PROBLEM DETAILS:
Only the lines from the one containing "It depicts an" through the end of the material should be printed, exactly as they appear. Leave out pictures.

GIVEN INFORMATION:
--------
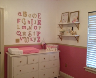 Just spent over an hour positioning and putting up the letter wall. H painted the walls for my Christmas present and is installing a chair rail (something he's never done, so we'll see how that goes!) where the tan stripe is on the wall. He's been a pretty good sport about hanging things and being my own personal handyman so I can't complain. The crib will be here Tuesday and I cannot wait to get it set up! I didn't get to do a nursery until LO was a few months old since we moved so I am having a ton of fun putting together a nursery pre-baby!
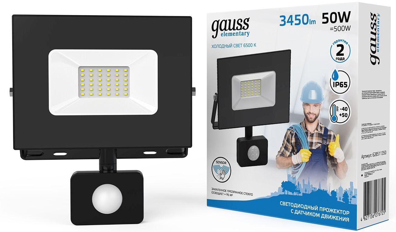Прожектор уличный Gauss Elementary 628511350 светодиодный 50Вт корп.алюм.черный от магазина РЭССИ
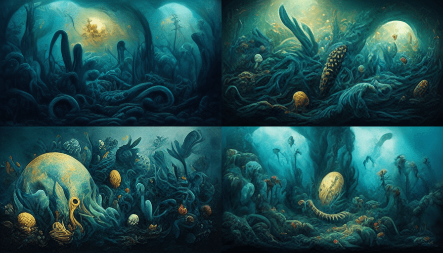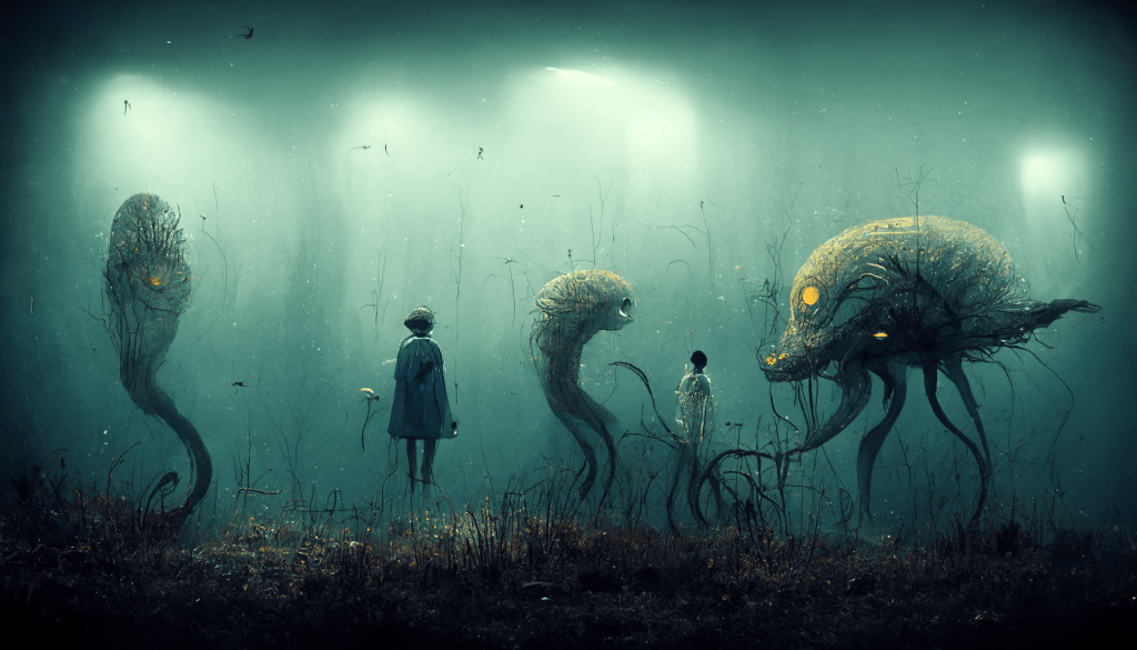 It depicts an unknown world encountering mysterious aquatic creatures.
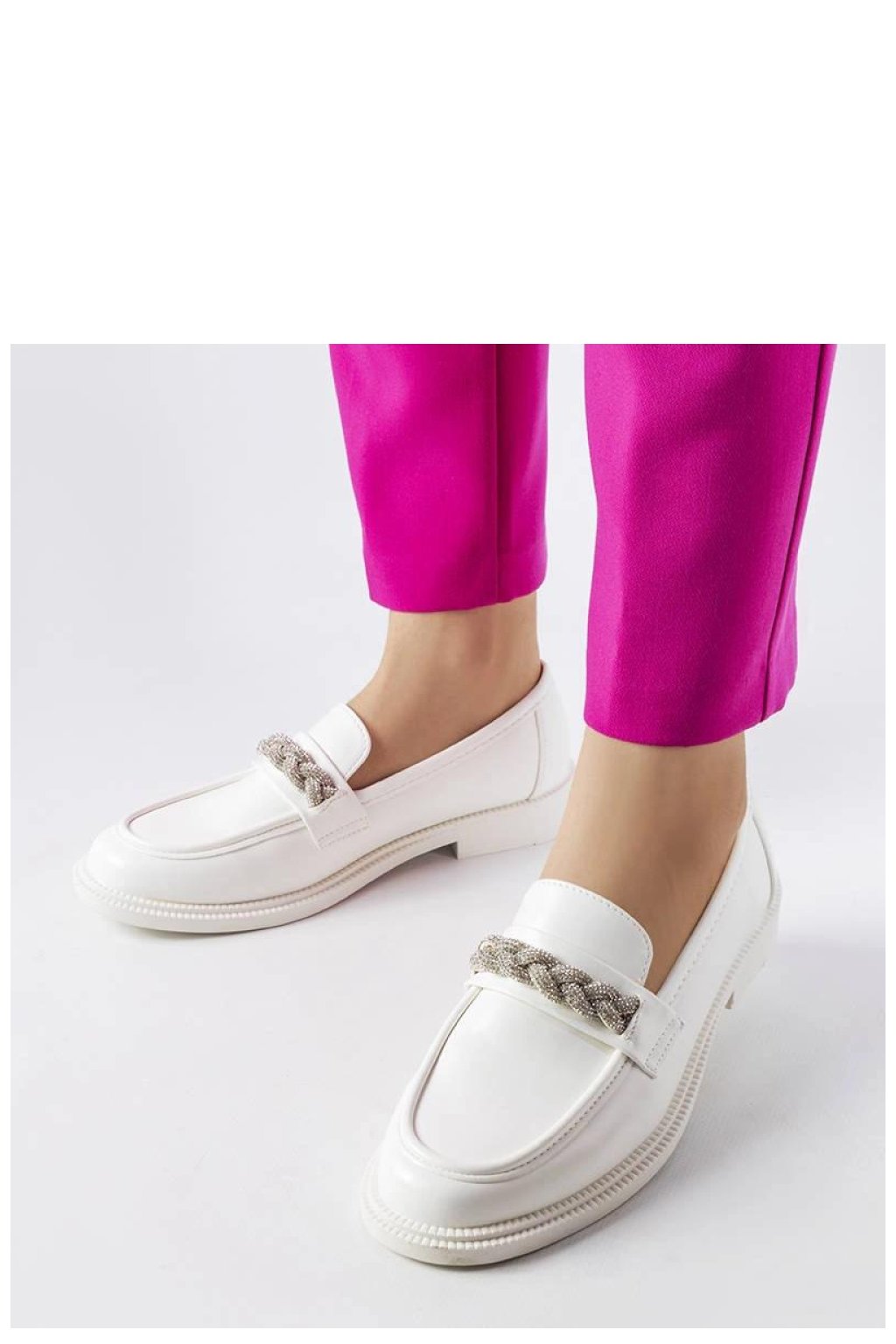 Bílé mokasíny zdobené zirkony Montreal jsou ideální obuví na léto. Vyrobené z vysoce kvalitní ekologické kůže zam, zajistí pohodlí nošení a elegantní vzhled. Velikost je standardní, takže je dobré se řídit svou velikostí při výběru. Zapínání na límec usnadňuje rychlé obouvání a svlékání bot. Podrážka z umělého materiálu je bílá, což dodává lehkost a svěžest celému outfitu. Tyto mokasíny budou skvělým doplňkem letního šatníku, přidávají mu jemný lesk díky zirkonům.
--------
RESPONSE TO THIS EXERCISE:
 It depicts an unknown world encountering mysterious aquatic creatures.
 Bílé mokasíny zdobené zirkony Montreal jsou ideální obuví na léto. Vyrobené z vysoce kvalitní ekologické kůže zam, zajistí pohodlí nošení a elegantní vzhled. Velikost je standardní, takže je dobré se řídit svou velikostí při výběru. Zapínání na límec usnadňuje rychlé obouvání a svlékání bot. Podrážka z umělého materiálu je bílá, což dodává lehkost a svěžest celému outfitu. Tyto mokasíny budou skvělým doplňkem letního šatníku, přidávají mu jemný lesk díky zirkonům.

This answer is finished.